The traffic from the bridge will transform what is an almost invisible piece of the landscape north of the Arch into a front door of St. Louis. The Freight Depot, adjacent to the Riverfront Trail entrance and former St. Louis tent cities, is the most prominent structure in the near-north riverfront area, listed on the National Register of Historic Places.

"It's a beautiful, private spot. You can go right down to the water and really feel why the city was built here," says one of the building's owners, Mark Schulte.

Helping him launch the painting project, which is still very much in its preliminary stages, is Tom Nagel, a recent Mizzou graduate working at the Lessie Bates Davis Neighborhood House in East St. Louis. Nagel is new to these sorts of projects, but he's been working to generate a strong supporting cast via social media and by giving tours to local creatives.

Since he was a kid, he's watched the pyrotechnics of St. Louis' 4th of July at the Rail Depot, glimpsing the fireworks through the cracks between buildings. Nagel says activity in the near-north riverfront isn't a rediscovery: it's giving an area of the city the love it deserves.

"We're trying to take people places where they don’t usually go. The city is the city; it’s not two halves."

The timing may be right. As Nagel, Schulte and his business partner Tim Tucker continue to kick around ideas, farther north at the Trestle Great Rivers Greenway is sending its own message about future development by painting the elevated railway facing I-70 an eye-catching splash of green in an industrial area somewhat devoid of color.

Indeed, Schulte sees himself as part of a community that has a chance to help remake the riverfront. Many of the properties in the area are in friendly, responsible hands, he says.

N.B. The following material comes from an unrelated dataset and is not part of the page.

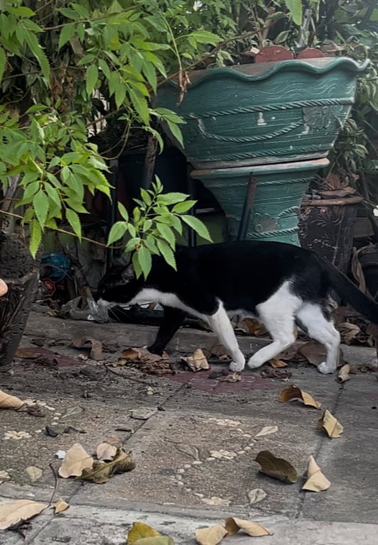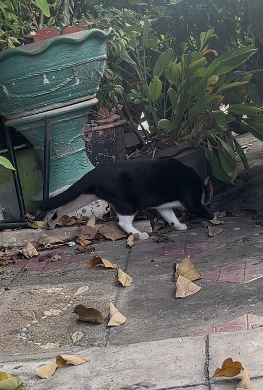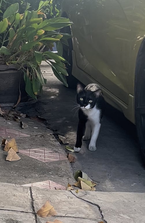 แมวสีดำขาว ไม่ทราบเพศ หน้าดำ บริเวณปากเป็นสีขาว ขาหน้าข้างขวาสีดำมีถุงเท้าขาว ขาซ้ายขาว

"Emerging collaboration or efforts for the most part seem to be working in harmony, if not always in coordination."

With the potential brought about by the bridge and other projects like FarmWorks, Schulte believes in the possibility of a mixed-use riverside district from water to highway.

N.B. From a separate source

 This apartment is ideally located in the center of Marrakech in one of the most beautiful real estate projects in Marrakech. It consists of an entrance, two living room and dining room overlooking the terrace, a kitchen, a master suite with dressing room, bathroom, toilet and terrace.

Built in 1911, his building is still in good structural shape; it's set to again be the site of the grassroots Artica arts festival (Oct. 13 and 14). The Rail Depot served from 1913 to 1959 as a fixture on the Cotton Belt train line, linking Arkansas and Texas when the country was still ruled by rail. One of the ideas floated for the mural, above the building's snarling copper lions, is a huge pink cloud of cotton, a juxtaposition illustrating an area in transition, at once mindful of its past and provocative about its future.

Though the building is vacant now and pock-marked with colored scrawls of graffiti, the mural's proponents see that gritty chromatic artistry as a harbinger of things to come.